Balzac’s concern in “The Unknown Masterpiece” is the problem of reconciling the various opposing forces in life, a problem that is particularly difficult for the artist. The problem is illustrated appropriately in the very pattern of the short story.

The story is divided into two chapters, one entitled “Gillette,” the second, “Catherine Lescault.” Gillette is the actual mistress of Poussin: She is a devoted young woman who considers love more important than art and feels somehow diminished whenever Poussin uses her as a model. At those times, she senses, he draws away from her and into some visionary world in which she is merely an object. Catherine Lescault, on the other hand, is the vision of Frenhofer, a vision so real that he will not show his painting of her to others, as if such an action would profane their love.

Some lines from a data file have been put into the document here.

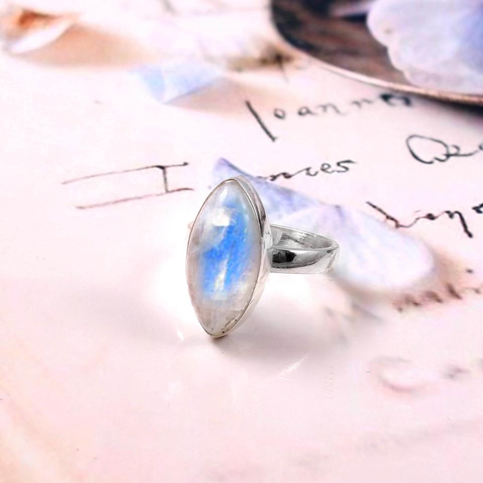 Classic Women's 925 Sterling Silver Rainbow Moonstone Engagement Ring with Bezel Setting for Anniversary Wedding & Parties
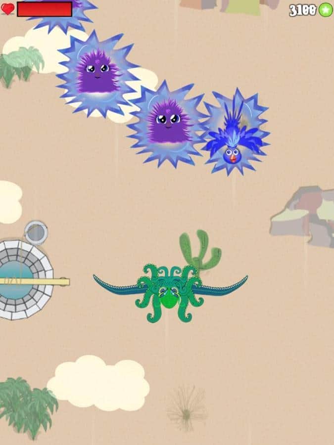 Evil Muncher / Жевастик - Забавна гра, яка підійде як дітям, так і дорослим. У цій грі ви будете грати за восьминога, який подорожує по світу. Але не все так добре, злі птахи та інші істоти хочуть з'їсти його! Все, що у нашого героя є, так це його щупальця, якими він відбивається. Одним або двома пальцями ви будете визначати позицію нашого жевастика, а пережовувати ворогів можна звичним зум-рухом або звичайним тапом по екрану.
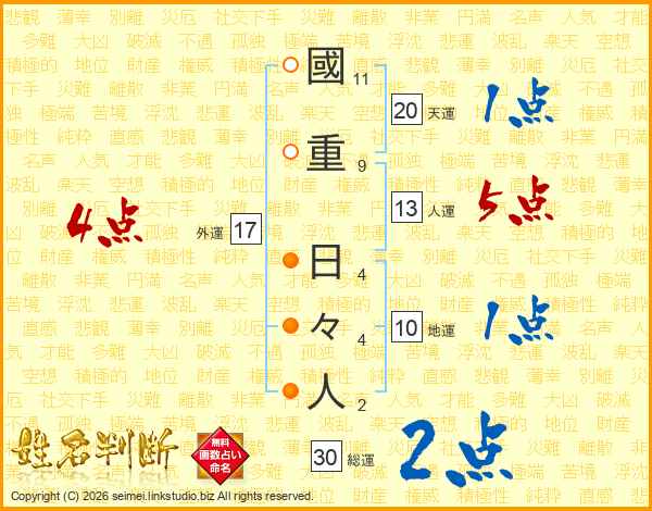 國重日々人さんの総運は30画の2点!

When the other painters see Frenhofer’s canvas, they realize that the true painting exists only in Frenhofer’s mind. Gillette’s prophecy comes true when all three painters are so obsessed with their art that they completely forget her. At the end of the story, she tells Poussin that, although she loves him, she hates him for turning her over to Frenhofer, thus proving that love is far less important than art. In a sense, Poussin loves his art as completely as Frenhofer does. A Catherine Lescault will always win any artist from the Gillettes of this world.

However, if the artists are alike in their devotion to art, they differ in their approach. Having learned his master Mabuse’s secret, Frenhofer insists that he can paint the essence, the spirit of his subject. He insists that painters such as Porbus, who cannot decide between the precision of lines and the emotional splash of color, can never truly bring their subjects to life. When the younger painters at last see Frenhofer’s masterpiece-in-progress, they realize that in his ten years of seeking essence, of applying layer on layer of color in order to attain the abstraction, he has retreated totally into his own dream. The implication of Balzac’s story, then, is that the true artist must combine life and love with art, objectivity with subjectivity, mechanical copying of life with vision of the unknown and unseen essence of life. For all of his genius, Frenhofer has dedicated his life to creating a masterpiece that will always remain unknown.